E3S Web of Conferences ◽

10.1051/e3sconf/202132104007 ◽

2021 ◽

Vol 321 ◽

pp. 04007

Author(s):

Abdelkader Boutra ◽

Seddik Kherroubi ◽

Abderrahmane Bourada ◽

Youb Khaled Benkahla ◽

Nabila Labsi ◽

...

Keyword(s):

Heat Transfer ◽

Numerical Study ◽

Industrial Applications ◽

Optimal Choice ◽

Heat Transfer Analysis ◽

Heat Conducting ◽

Algebraic Equations ◽

Pressure Line ◽

Flow And Heat Transfer ◽

Simpler Algorithm

Flow and heat transfer analysis in ventilated cavities is one of the most widely studied problems in thermo-fluids area.
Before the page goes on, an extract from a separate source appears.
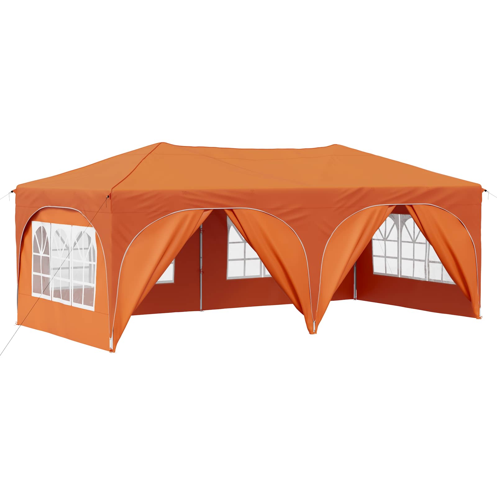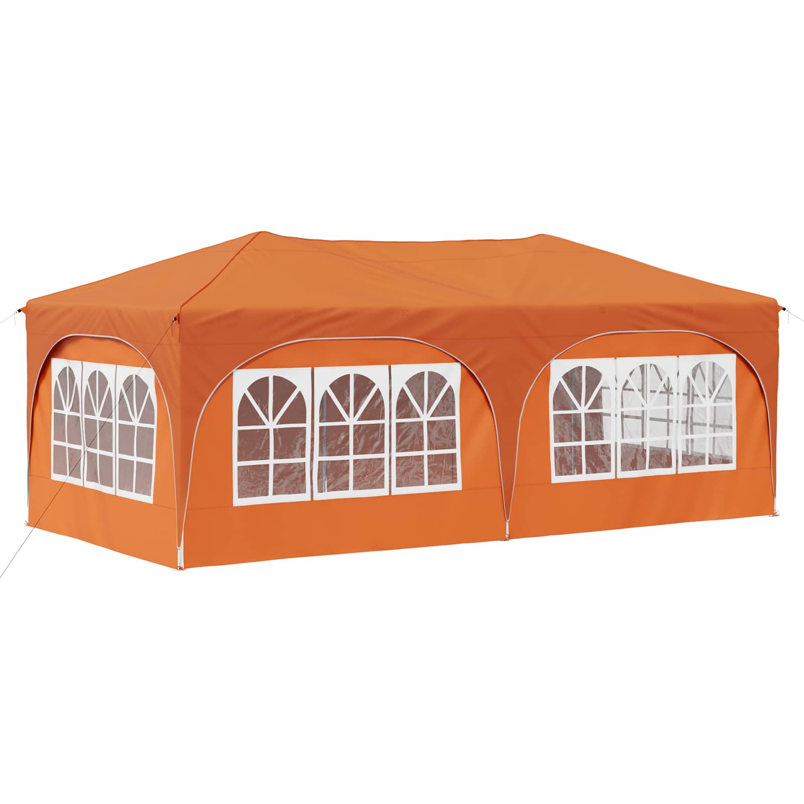 Ta večnamenski šotor za zabave bo vaše zunanje dogodke spremenil v nepozabne izkušnje. Z vrhunskim Oxford tkanjem daje sodoben pridih, s čistimi linijami in funkcionalnostjo. Ne glede na to, ali organizirate vrtnarsko zabavo, poroko ali kakšen večji zunanji dogodek, ta šotor nudi zaščito in prijetno vzdušje. Z veliko pokritostjo in elegantnim dizajnom kombinira stil in funkcionalnost ter izboljšuje vsak dogodek s svojo prisotnostjo. Trajna Oxford tkanina: Glavni material šotora, Oxford tkanina, zagotavlja odlično odpornost proti vremenskim vplivom. Odlikujejo jo vodoodporne lastnosti in UV zaščita, kar omogoča, da vaš prostor pod šotorom ostane udoben in zaščiten pred soncem in rahlim dežjem. Prilagoditev višine: Šotor je mogoče prilagoditi na tri različne višine, kar omogoča fleksibilno zaščito za različne tipe dogodkov. Ne glede na to, ali je to intimno srečanje ali velika prireditev, prilagoditev višine doda uporabnost in optimalno pokritost. Obsežna oprema: Vsebuje 4 vrvice proti vetru in 8 zemeljskih žebljev, kar zagotavlja stabilnost in odpornost na veter. Enostavna postavitev je zasnovana za dva, kar poenostavi proces in je priročna. Hitra postavitev: Ta šotor je opremljen z mehanizmom za hitro postavitev, kar odpravlja dolge postopke postavitve. To je super za gostitelje, ki želijo prihraniti čas in energijo ter hitro pripraviti prostor za goste. Navodila za oskrbo: Da ohranite šotor v dobrem stanju, se izogibajte grobim kemikalijam. S pravilno oskrbo bo material in struktura dolgo vzdržala, kar omogoča dolgotrajno uživanje pri različnih dogodkih. Pri največjem raztezanju ogrodja ne prekrivajte blaga. V nasprotnem primeru se bo blago pretrgalo. Za stabilizacijo vsake noge je veliko bolje uporabiti votlo opeko. Izdelek ni primeren za vremenske razmere, kot so močan veter, sneženje in ekstremne vremenske razmere. Nekateri deli lahko vsebujejo ostre robove, zato po potrebi nosite zaščitne rokavice. Pred sestavljanjem preverite, ali imate vse dele. Otroke in živali naj bodo stran od območja montaže. Pred začetkom se prepričajte, da imate dovolj prostora za razporeditev delov. Ne sestavljajte ali razstavljajte med močnim vetrom. Vse vire ognja in toplote hranite stran od šotora.

Two-dimensional mixed convection in a ventilated rectangular cavity with baffles is studied numerically and the fluid considered in this study is hot air (Pr = 0.71). The horizontal walls are maintained at a constant temperature, higher than that imposed on the vertical ones. Two very thin heat-conducting baffles are inserted inside the enclosure, on its horizontal walls, to control the flow of convective fluid. The governing equations are discretized using the finite volume method and the SIMPLER algorithm to treat the coupling velocity–pressure. Line by line method is used to solve iteratively the algebraic equations. The effect of the Richardson number Ri (0.01- 100) and the location of the baffles within the cavity on the isothermal lines, streamlines distributions and the average Nusselt number (Nu) has been investigated. The result shows that the location opposite the baffles, close to the fluid outlet, is the optimal choice to be considered for industrial applications.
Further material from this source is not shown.